___ RECORDS FOR THE TASK
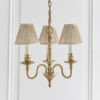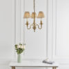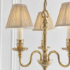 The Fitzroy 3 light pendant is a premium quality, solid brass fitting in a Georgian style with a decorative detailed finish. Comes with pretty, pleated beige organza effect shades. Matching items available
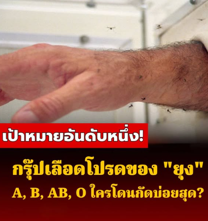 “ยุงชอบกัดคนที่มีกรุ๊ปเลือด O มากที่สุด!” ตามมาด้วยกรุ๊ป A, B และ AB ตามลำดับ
______
___ RECORDS FOR THE TASK
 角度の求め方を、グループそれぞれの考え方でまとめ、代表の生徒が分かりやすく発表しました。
______
[ASSIGNMENT]
Could you repeat, exactly, only the lines above starting at the one that has "The Fitzroy 3" and stopping after the one that has "และ AB ตามลำดับ", without the pictures?

[ANSWER TO THIS EXERCISE]
 The Fitzroy 3 light pendant is a premium quality, solid brass fitting in a Georgian style with a decorative detailed finish. Comes with pretty, pleated beige organza effect shades. Matching items available
 “ยุงชอบกัดคนที่มีกรุ๊ปเลือด O มากที่สุด!” ตามมาด้วยกรุ๊ป A, B และ AB ตามลำดับ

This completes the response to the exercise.